═══ Information supplied ═══

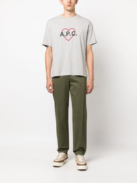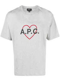 heart logo cotton T-shirt French brand A.P.C. reflects its casual aesthetic with this T-shirt from the AW23 collection. A fine heart motif frames the iconic logo in a continuation of the label's penchant for minimalist branding. Highlights - Light grey - Cotton - Jersey knit - Heart print - Logo print to the front - Crew neck - Drop shoulder - Short sleeves - Straight hem Imported Composition Cotton 100% SIZE & FIT Model measurements Height 6 ft 2 in(1.87 m) Bust/Chest 36.41 in(92.5 cm) Hips 35.43 in(90 cm) Waist 29.52 in(75 cm) Washing instructions Machine Wash
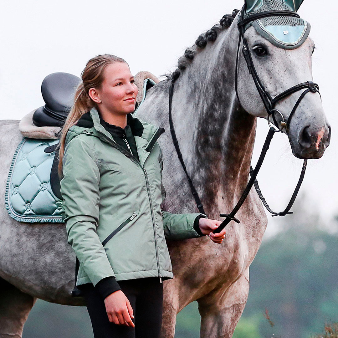 Magnifiquement taillée pour vous garder belle toute l'année, la veste Lucky a été soigneusement conçue avec une couche extérieure imperméable et coupe-vent, ainsi que des coutures effilées pour vous protéger des éléments pendant que vous passez du temps avec votre cheval !
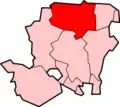 Basingstoke has no single boundary that encompasses all the areas contiguous to its development. The unparished area of the town represents its bulk, but several areas popularly considered part of the town are separate parishes, namely Chineham, Rooksdown, and parts of Old Basing and Lychpit.[34] The unparished area includes Worting, which was previously a separate village and parish,[35] extending beyond Roman Road and Old Kempshott Lane, which might otherwise be considered the town's 'natural' western extremity.
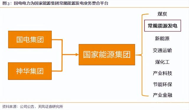 控股股东实力雄厚,常规能源资产优先选择权保证公司稳健发展。一方面,公司控股股东国家能源集团由国电集团与神华集团联合重组而成,拥有煤炭、常规能源发电、新能源、交通运输、煤化工、产业科技、节能环保、产业金融等八大产业板块,是全球最大的煤炭生产公司、火力发电公司、风力发电公司和煤制油煤化工公司,实力雄厚;另一方面,国家能源集团明确将国电电力作为其常规能源发电业务整合平台,逐步将旗下非上市常规能源发电业务资产注入国电电力。同时,对于集团未来新增的常规能源发电业务,授予国电电力优先选择权,由其负责项目的整合、开发、建设及后续管理。
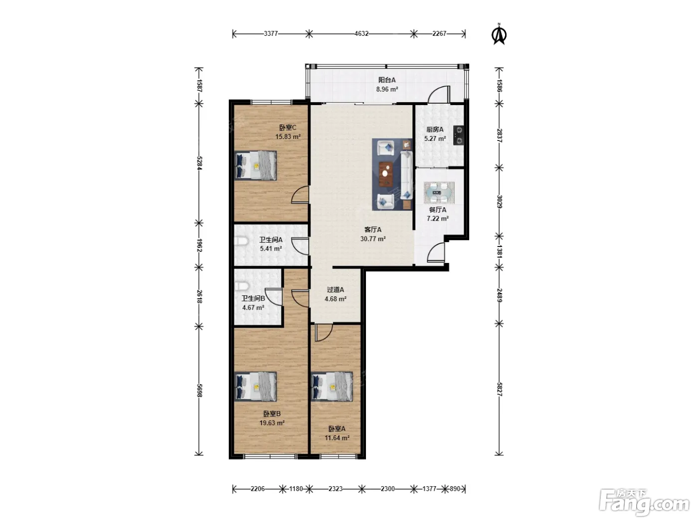 3室1厅2卫
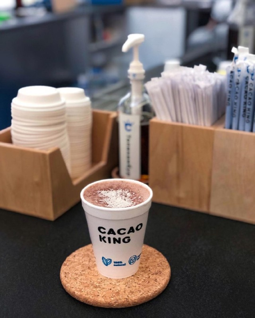 CacaoKing работает на собственном бленде тертого какао из Колумбии. В меню 8 видов напитка: от классического и безлактозного до конопляного, с киноа или ультрапопулярным зеленым чаем матча. Вместо сахара здесь используется только сироп топинамбура.
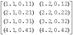 Suppose A (1:5, 1:4) is the complex two-dimensional array presented by matrix
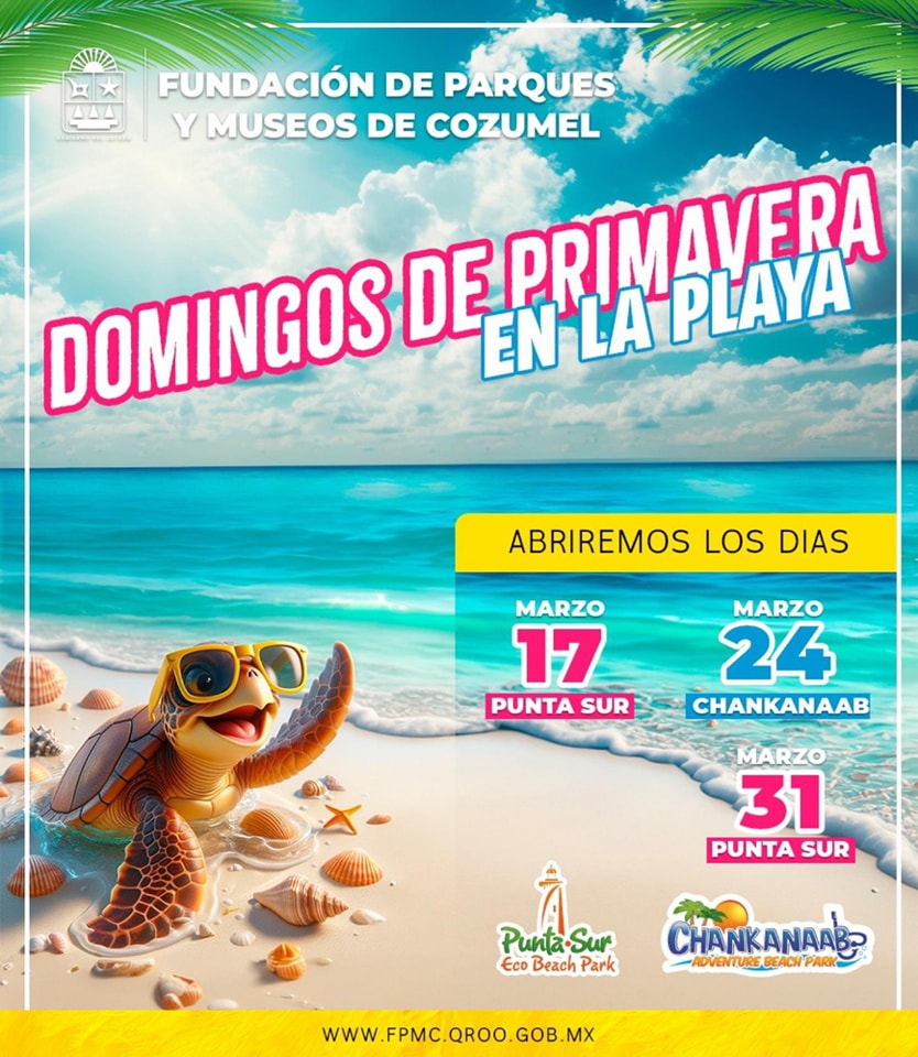 El director general de la Institución, Alejandro Marchán Payán, informó que los domingos 17 y 31 de marzo, abrirá al público el Parque Punta Sur, de nueve de la mañana a cuatro de la tarde, mientras que el día 24, será el turno del Parque Chankanaab, con un horario de ocho de la mañana a cuatro de la tarde, permitiendo a los visitantes disfrutar de las bellezas naturales, culturales y actividades recreativas que ofrecen estos espacios turísticos.
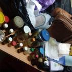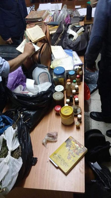 في البيت، كما ترون في الصور، كتب عن السحر والشعوذة والعوالم الخفية وتسخير الجن والشياطين والعالم الاخر. وفي البيت ايضاً، الكثير من المستحضرات والزيوت والعطور، ولبعضها اغراض مخفية.
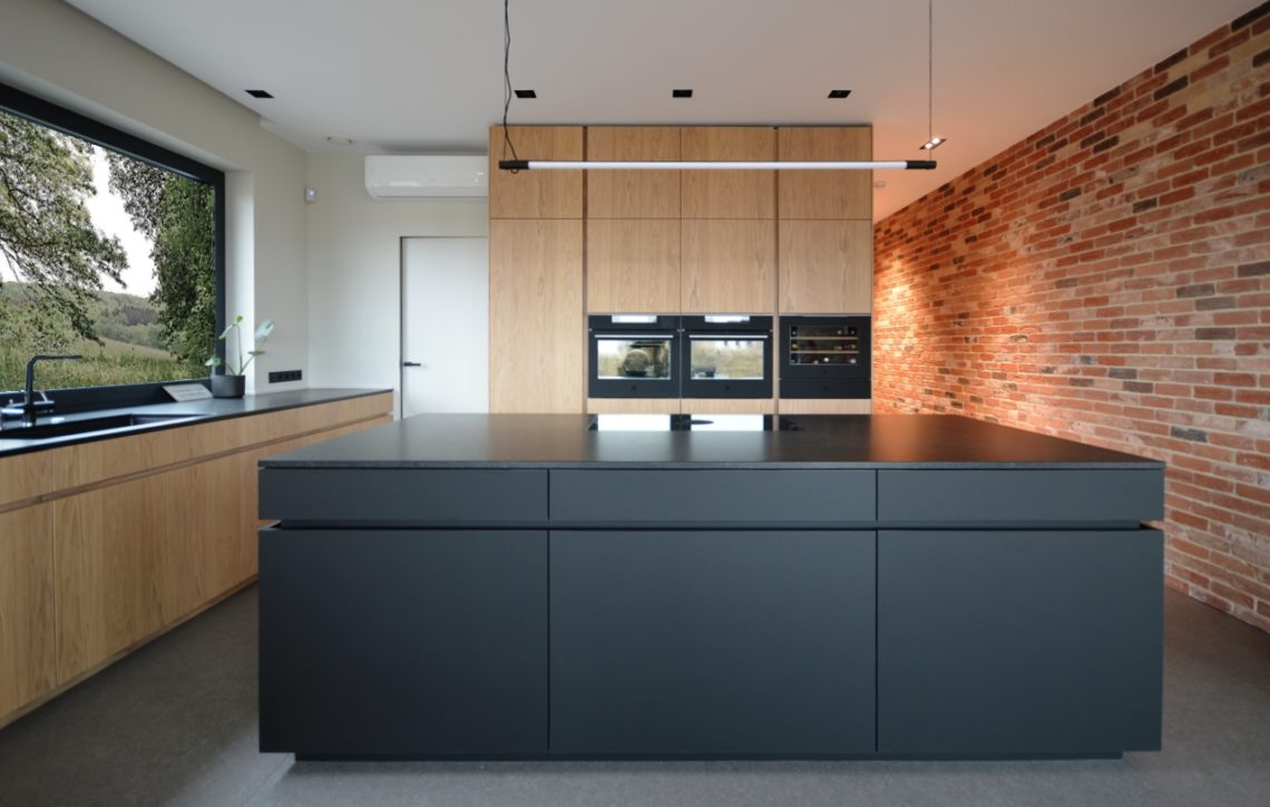 Fronty szafek wykonane zostały z dębowego forniru, natomiast wyspa zyskała kolor głębokiej czerni-eleganckiej i aksamitnej w dotyku.

═══

| Exercise description |
Set down each of the records precisely, leaving any pictures behind.

| Task response |
 heart logo cotton T-shirt French brand A.P.C. reflects its casual aesthetic with this T-shirt from the AW23 collection. A fine heart motif frames the iconic logo in a continuation of the label's penchant for minimalist branding. Highlights - Light grey - Cotton - Jersey knit - Heart print - Logo print to the front - Crew neck - Drop shoulder - Short sleeves - Straight hem Imported Composition Cotton 100% SIZE & FIT Model measurements Height 6 ft 2 in(1.87 m) Bust/Chest 36.41 in(92.5 cm) Hips 35.43 in(90 cm) Waist 29.52 in(75 cm) Washing instructions Machine Wash
 Magnifiquement taillée pour vous garder belle toute l'année, la veste Lucky a été soigneusement conçue avec une couche extérieure imperméable et coupe-vent, ainsi que des coutures effilées pour vous protéger des éléments pendant que vous passez du temps avec votre cheval !
 Basingstoke has no single boundary that encompasses all the areas contiguous to its development. The unparished area of the town represents its bulk, but several areas popularly considered part of the town are separate parishes, namely Chineham, Rooksdown, and parts of Old Basing and Lychpit.[34] The unparished area includes Worting, which was previously a separate village and parish,[35] extending beyond Roman Road and Old Kempshott Lane, which might otherwise be considered the town's 'natural' western extremity.
 控股股东实力雄厚,常规能源资产优先选择权保证公司稳健发展。一方面,公司控股股东国家能源集团由国电集团与神华集团联合重组而成,拥有煤炭、常规能源发电、新能源、交通运输、煤化工、产业科技、节能环保、产业金融等八大产业板块,是全球最大的煤炭生产公司、火力发电公司、风力发电公司和煤制油煤化工公司,实力雄厚;另一方面,国家能源集团明确将国电电力作为其常规能源发电业务整合平台,逐步将旗下非上市常规能源发电业务资产注入国电电力。同时,对于集团未来新增的常规能源发电业务,授予国电电力优先选择权,由其负责项目的整合、开发、建设及后续管理。
 3室1厅2卫
 CacaoKing работает на собственном бленде тертого какао из Колумбии. В меню 8 видов напитка: от классического и безлактозного до конопляного, с киноа или ультрапопулярным зеленым чаем матча. Вместо сахара здесь используется только сироп топинамбура.
 Suppose A (1:5, 1:4) is the complex two-dimensional array presented by matrix
 El director general de la Institución, Alejandro Marchán Payán, informó que los domingos 17 y 31 de marzo, abrirá al público el Parque Punta Sur, de nueve de la mañana a cuatro de la tarde, mientras que el día 24, será el turno del Parque Chankanaab, con un horario de ocho de la mañana a cuatro de la tarde, permitiendo a los visitantes disfrutar de las bellezas naturales, culturales y actividades recreativas que ofrecen estos espacios turísticos.
 في البيت، كما ترون في الصور، كتب عن السحر والشعوذة والعوالم الخفية وتسخير الجن والشياطين والعالم الاخر. وفي البيت ايضاً، الكثير من المستحضرات والزيوت والعطور، ولبعضها اغراض مخفية.
 Fronty szafek wykonane zostały z dębowego forniru, natomiast wyspa zyskała kolor głębokiej czerni-eleganckiej i aksamitnej w dotyku.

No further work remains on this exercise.